- Craigmillar Park Church
- Denomination: Church of Scotland
- Churchmanship: Reformed
- Website: www.craigmillarpark.org

Architecture
- Heritage designation: Category B listed building

Administration
- Parish: Edinburgh New Town

= Craigmillar Park Church =

Craigmillar Park Church serves Edinburgh's Newington area, in Scotland. It was a congregation of the Church of Scotland until 23 June 2024. The church building dates from 1879 and the adjacent hall was added in 1899.

==Building==
Although the church is without tower or spire, the building is situated on the busy main north – south route stretching from east end of Princes Street through Newington towards Liberton. Craigmillar Park Church is adjacent to the Royal Blind School, where the minister is Chaplain. Within the garden is a memorial to people from the parish who gave their lives in the First World War.

==History==
The building was originally known as Mayfield Parish Church until the Mayfield Free Church (now known as Mayfield Salisbury) rejoined the Church of Scotland. To differentiate between the two churches, North and South were added to the congregation names.
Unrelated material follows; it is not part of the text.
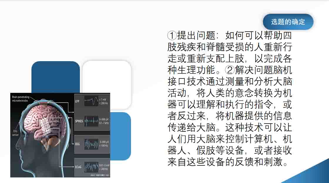 脑机接口技术通过测量和分析大脑活动,将人类的意念转换为机器可以理解和执行的指令,或者反过来,将机器提供的信息传递给大脑。这种技术可以让人们用大脑来控制计算机、机器人、假肢等设备,或者接收来自这些设备的反馈和刺激。

The present congregation is the result of a voluntary union of the former Craigmillar Park and Mayfield South congregations in 1966. Worship is currently held in the Mayfield South Building, which adopted the name of the former Craigmillar Park Church. The aforementioned Craigmillar Park Church, originally a Free Church congregation, opened in 1899, before becoming Buchanan House, part of former St. Margaret's School, in 1976. Following the school's closure, it has now become the Iqra Academy (mosque). As of July 2010, there are 266 members of Craigmillar Park Church.

On 11 June 2019 the Rev. Alex McAspurren was inducted as minister of both Craigmillar Park Church and Reid Memorial Church, the two churches having been linked by the Presbytery of Edinburgh the previous year.

On 23 June 2024 the church held its final service as a Church of Scotland congregation. A new parish, Newington Trinity, was formed with Mayfield Salisbury and Priestfield Churches, with the Mayfield Salisbury building being selected as the continuing place of worship.

==Organ==
The organ is a three manual pipe organ dating originally from 1892. The congregation uses Church Hymnary 4th edition, occasionally supplemented by songs and hymns from other resources.